Re: [Dri-devel] 16bpp span functions

SourceForge Headquarters 225 Broadway Suite 1600 San Diego, CA 92101 +1 (858) 454-5900

ra...@ra... wrote:
> 
> just thoguht i'd mention - you'll bypass the cmp's and jne/jeq' branches
> and get some better performance with:
> 
> #define READ_RGBA( rgba, _x, _y )                       \
> do {                                                    \
> GLushort p = *(GLushort *)(read_buf + _x*2 + _y*pitch); \
> rgba[0] = ((p >> 8) & 0xf8) | ((p >> 13) & 0x7);        \
> rgba[1] = ((p >> 3) & 0xfc) | ((p >> 9)  & 0x3);        \
> rgba[2] = ((p << 3) & 0xf8) | ((p >> 2)  & 0x7);        \
> rgba[3] = 0xff;                                         \
> } while (0)
> 
> now even smarter is do 2 pixels at once and just do alignment/single
> pixel cleanups either end of the span if tis not a multipel of 2 or not
> aligned to 2 pixel boundaries...
> #define READ_2_RGBA( rgba, _x, _y )                     \
> do {                                                    \
> GLuint p = *(GLushort *)(read_buf + _x*2 + _y*pitch);   \
> GLuint r, g, b; \
> r = ((p >> 8) & 0xf8) | ((p >> 13) & 0x7); \
> g = ((p >> 3) & 0xfc) | ((p >> 9)  & 0x3); \
> b = ((p << 3) & 0xf8) | ((p >> 2)  & 0x7); \
> rgba[0] = r & 0xff; \
> rgba[1] = g & 0xff; \
> rgba[3] = b & 0xff; \
> rgba[4] = 0xff; \
> rgba[5] = (r >> 16) & 0xff; \
> rgba[6] = (g >> 16) & 0xff; \
> rgba[7] = (b >> 16) & 0xff; \
> rgba[8] = 0xff; \
> } while (0)

Software fallbacks are slow for so many other reasons that this just
isn't worth it (well, maybe the first option).  Hell, we could do the
whole thing in assembly and see a 0% speedup...

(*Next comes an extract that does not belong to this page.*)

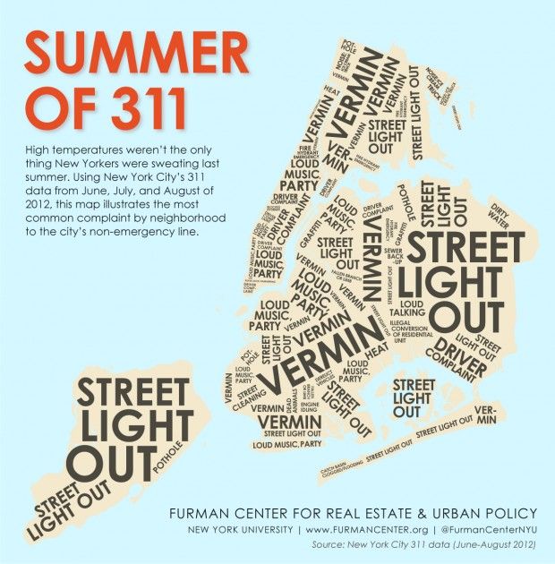 The Furman Center at NYU released this fun map of 311 complaints from last summer, based on data of the most popular complaint by neighborhood. The top complaints were:
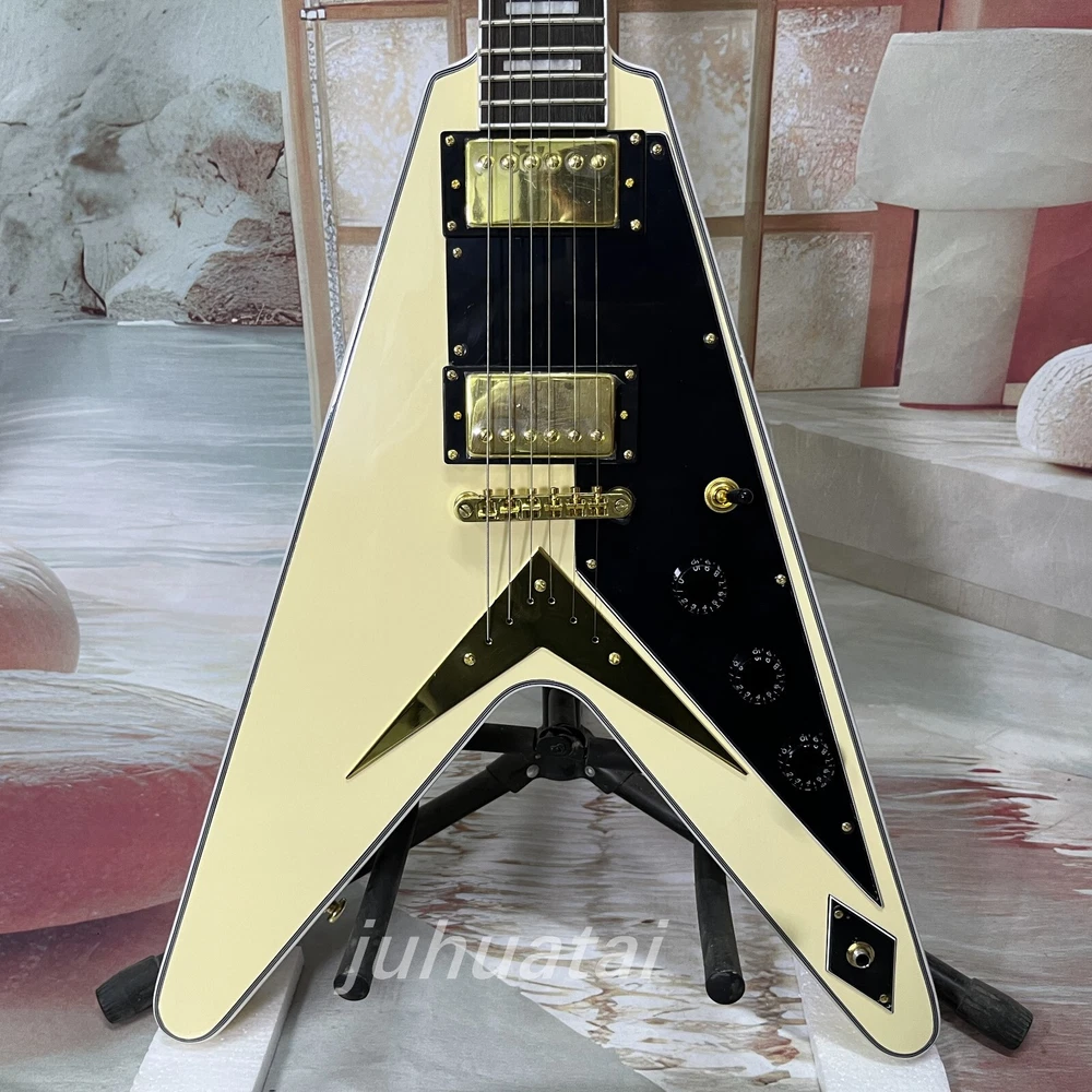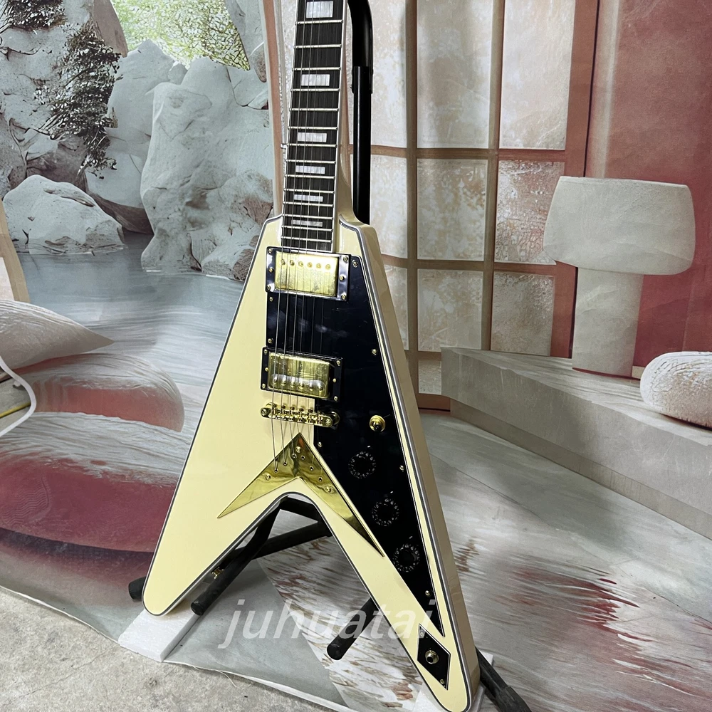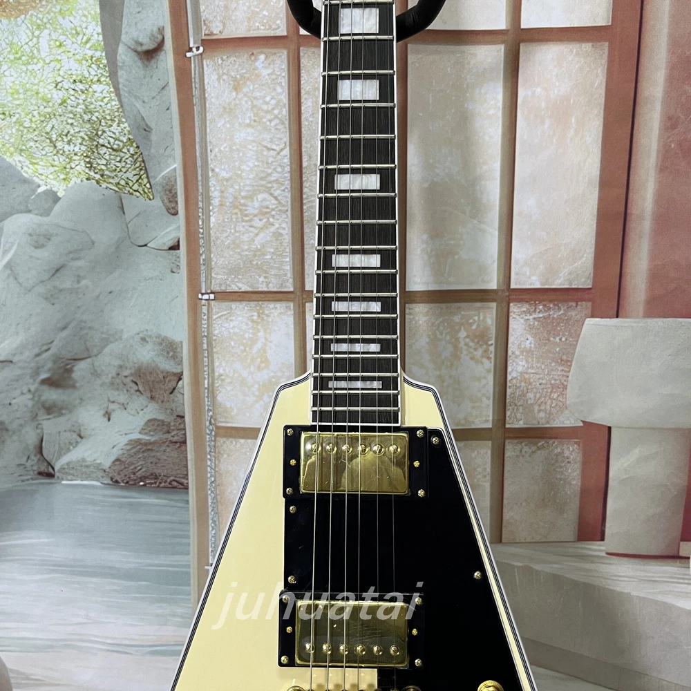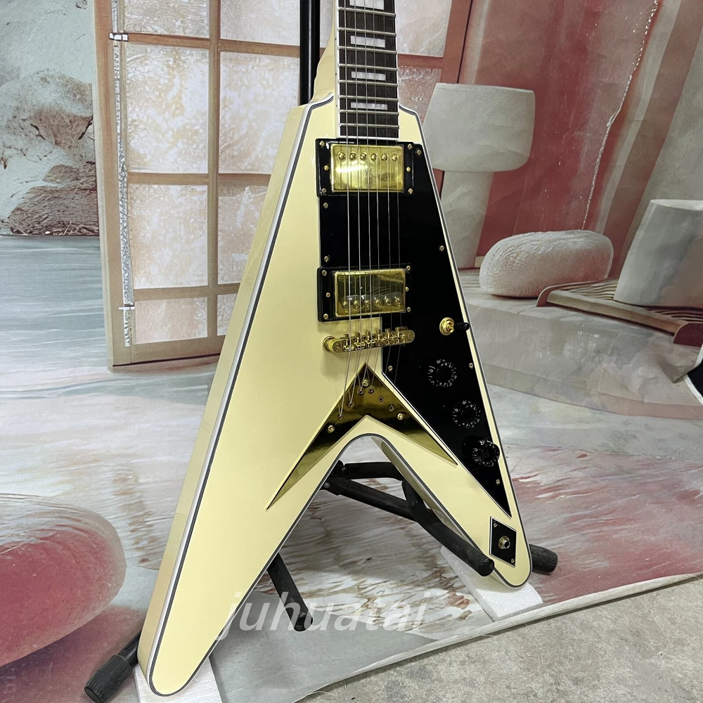 This custom shop Flying V electric guitar is a dream come true for any music enthusiast. With a solid Mahogany body and a creamy white finish, this guitar is sure to make any musician stand out. The 6-string configuration and 22 frets provide endless possibilities for creating unique and inspiring sounds. The guitar features a Mahogany neck and a Rosewood fretboard, providing a comfortable and smooth playing experience. The guitar is right-handed and comes with a cable, making it easy to connect to any amplifier. This guitar is perfect for professionals and beginners alike, and is sure to impress anyone who plays it.

The whole point of that macro is that it reads individual pixels.  Thus,
you can't just go ahead and read two pixels.

The software fallback mechanism in Mesa could be made a lot faster, but
the core contributors certainly have better things to do.  It would
require significantly more work than changing a pixel reading macro.  If
your hardware can do it blitting scanlines or even rectangles would be
much faster, but it's arguable whether this is worth it as the main
point of software fallbacks is correctness not performance.

-- Gareth